Coanalytic sets and symmetric behavior in functions (Q1332227)

A function \(f: R\to R\) (\(R\) the real line) is said to be smooth (symmetric, symmetrically continuous) at a point \(p\) if \(\lim_{h\to 0} (f(p+h)+ f(p-h)- 2f(p))/ 2h=0\) \((\lim_{h\to 0} (f(p+h)+ f(p-h)- 2f(p))=0\), \(\lim_{h\to 0} (f(p+h)- f(p-h))=0)\). It is said that \(f^ s(p)\) is the symmetric derivative of \(f\) at \(p\) if \(\lim_{h\to 0} (f(p+h)- f(p-h))/ 2h= f^ s(p)\).

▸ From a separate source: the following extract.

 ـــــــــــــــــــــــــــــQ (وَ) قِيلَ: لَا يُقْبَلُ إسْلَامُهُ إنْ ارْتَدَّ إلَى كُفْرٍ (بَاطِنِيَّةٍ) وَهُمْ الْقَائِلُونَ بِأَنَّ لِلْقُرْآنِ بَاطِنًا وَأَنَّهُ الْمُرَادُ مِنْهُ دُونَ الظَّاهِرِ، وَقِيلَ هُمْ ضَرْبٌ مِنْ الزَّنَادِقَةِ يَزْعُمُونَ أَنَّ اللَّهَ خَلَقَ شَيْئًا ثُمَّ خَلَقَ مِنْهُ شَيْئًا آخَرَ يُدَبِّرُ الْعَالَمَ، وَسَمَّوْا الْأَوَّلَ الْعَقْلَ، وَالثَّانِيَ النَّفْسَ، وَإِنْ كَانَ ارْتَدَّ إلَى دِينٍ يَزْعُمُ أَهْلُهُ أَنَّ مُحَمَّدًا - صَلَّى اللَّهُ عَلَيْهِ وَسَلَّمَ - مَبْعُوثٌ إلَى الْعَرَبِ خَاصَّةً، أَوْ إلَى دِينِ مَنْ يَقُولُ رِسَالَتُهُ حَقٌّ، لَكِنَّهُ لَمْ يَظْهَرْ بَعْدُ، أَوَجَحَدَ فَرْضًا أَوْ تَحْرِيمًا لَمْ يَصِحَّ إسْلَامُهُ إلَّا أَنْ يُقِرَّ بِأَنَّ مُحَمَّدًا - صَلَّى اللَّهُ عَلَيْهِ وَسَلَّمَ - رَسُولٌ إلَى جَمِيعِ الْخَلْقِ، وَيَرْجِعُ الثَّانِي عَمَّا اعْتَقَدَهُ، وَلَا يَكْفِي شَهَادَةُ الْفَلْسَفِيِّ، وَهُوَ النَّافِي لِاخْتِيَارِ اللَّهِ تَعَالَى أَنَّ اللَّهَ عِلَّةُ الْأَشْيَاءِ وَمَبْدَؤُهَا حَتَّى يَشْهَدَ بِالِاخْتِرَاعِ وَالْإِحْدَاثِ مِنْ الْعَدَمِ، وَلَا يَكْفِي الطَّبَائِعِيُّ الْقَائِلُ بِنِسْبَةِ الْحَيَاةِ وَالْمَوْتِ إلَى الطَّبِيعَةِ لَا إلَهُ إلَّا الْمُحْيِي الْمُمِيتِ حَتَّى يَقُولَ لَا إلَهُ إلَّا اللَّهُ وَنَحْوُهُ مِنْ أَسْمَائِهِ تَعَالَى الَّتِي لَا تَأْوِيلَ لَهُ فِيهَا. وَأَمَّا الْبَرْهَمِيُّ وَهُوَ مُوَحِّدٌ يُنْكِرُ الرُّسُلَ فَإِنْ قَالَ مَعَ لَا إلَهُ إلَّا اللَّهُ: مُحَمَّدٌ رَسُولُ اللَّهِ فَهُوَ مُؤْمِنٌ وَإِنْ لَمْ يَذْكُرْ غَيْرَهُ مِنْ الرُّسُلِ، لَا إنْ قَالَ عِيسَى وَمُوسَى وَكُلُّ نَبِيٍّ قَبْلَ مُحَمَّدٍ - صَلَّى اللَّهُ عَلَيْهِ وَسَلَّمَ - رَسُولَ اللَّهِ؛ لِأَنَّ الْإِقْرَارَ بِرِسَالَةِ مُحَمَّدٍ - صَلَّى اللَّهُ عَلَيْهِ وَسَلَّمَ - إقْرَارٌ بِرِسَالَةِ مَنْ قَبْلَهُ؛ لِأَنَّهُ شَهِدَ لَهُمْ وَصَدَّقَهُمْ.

If \(f\) is a function, then \(SM(f)\), \(S(f)\), \(SD(f)\), and \(SC(f)\) denote the set of points where \(f\) is smooth, symmetric, symmetrically differentiable, and symmetrically continuous, respectively. The author proves: Let \(M\) be a zero- dimensional coanalytic subset of \(R\). Then there exists a Baire 2 function \(f\) such that \(M\) is homeomorphic to \(SM(f)\), \(S(f)\), \(SD(| f|)\), and \(SC(| f|)\). This statement improves in some sense one of author's earlier results [Proc. Am. Math. Soc. 119, No. 3, 915-923 (1993; Zbl 0791.26002)].